Location
- 1 Berry Lane Logansport, Cass County, Indiana 46947 United States
- 40°45′00″N 86°19′59″W﻿ / ﻿40.749962°N 86.332931°W

Information
- Type: Public High School
- Established: 1871
- School district: Logansport Community School Corporation
- Superintendent: Michele Starkey
- CEEB code: 152095
- NCES School ID: 180603001060
- Principal: Matthew Jones
- Teaching staff: 79.89 (on FTE basis)
- Grades: 9 to 12
- Gender: coed
- Enrollment: 1,148 (2024–2025)
- Student to teacher ratio: 14.37
- Colors: Red and black
- Slogan: We empower students to achieve excellence every day
- Fight song: Logansport High School Fight Song
- Athletics conference: Hoosier Conference (IHSAA) Since 2024 (Charter member in 1926)
- Mascot: Felix the Cat
- Team name: Berries
- Newspaper: The Magpie
- Yearbook: Tattler
- Website: lhs.lcsc.k12.in.us

= Logansport High School =

Logansport Community High School is a high school located in Logansport, Indiana, USA. It is a part of the Logansport Community School Corporation. The first recorded commencement took place in June 1871, at the Mesodian Opera House, with three graduates.

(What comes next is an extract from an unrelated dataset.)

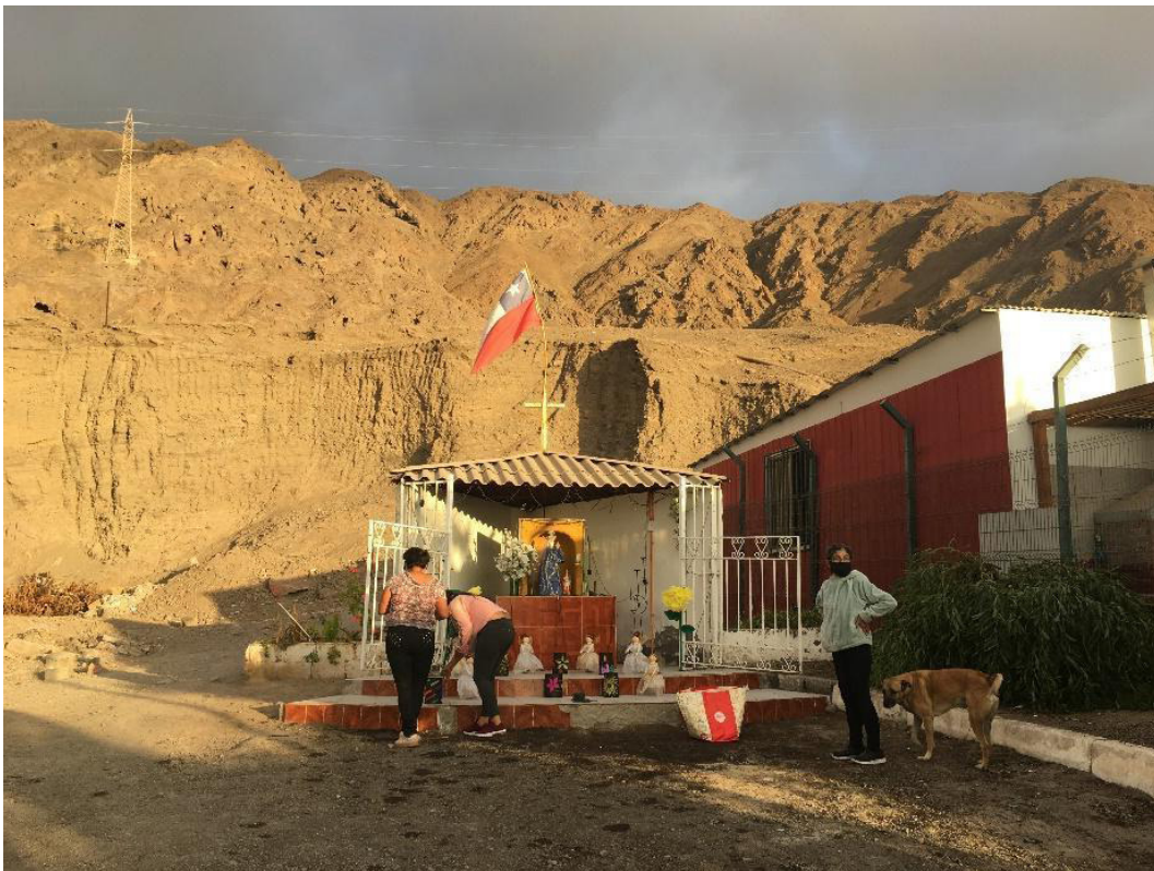
Foto 2. Gruta en la junta de vecinos Villa chica.

Al evento asistieron una treintena de vecinas y vecinos colombianos y chilenos del sector, los miembros de la junta de vecinos, la directiva del campamento, el cura de la población, dos integrantes de la colectividad ya mencionada y un concejal municipal. La celebración se desarrolló en un espacio baldío, justo al lado de la junta de vecinos, donde se construyó hace 5 años una gruta con La Virgen. El ritual tuvo una duración de 3 horas, contando el tiempo de preparativos antes del inicio. La preparación comenzó a las 18 horas, con la instalación de faroles, velas y adornos alrededor de la Virgen (ver Foto 2). En ese mismo momento se instalaban los equipos de sonido que servirían para conectar el micrófono y proyectar la música, principalmente Villancicos, que se escucharía durante la celebración.

The majority of Logansport is in the school district, of which this is the sole comprehensive high school.

== History ==
High School classes had first been offered in Logansport, in 1863, at the New Seminary, which was a three-story stone building built on the corner of Broadway and Thirteenth Streets in 1848–1849. The first record of a high school commencement occurred on June 1, 1871.

In 1874, the Seminary was torn down with a new school, known as Central or Lincoln School, being built on the same site. This served as the high school until 1894, when the Roosevelt building, at the corner of Broadway and Seventh Streets, was used until 1913.

Lincoln School was razed in 1913, and what is now referred to as the "Old" Logansport High School was built between Thirteenth and Fourteenth Streets and Broadway and Market Streets. This building would serve for the next 60 years, until in 1967, it was decided that a new building would be needed.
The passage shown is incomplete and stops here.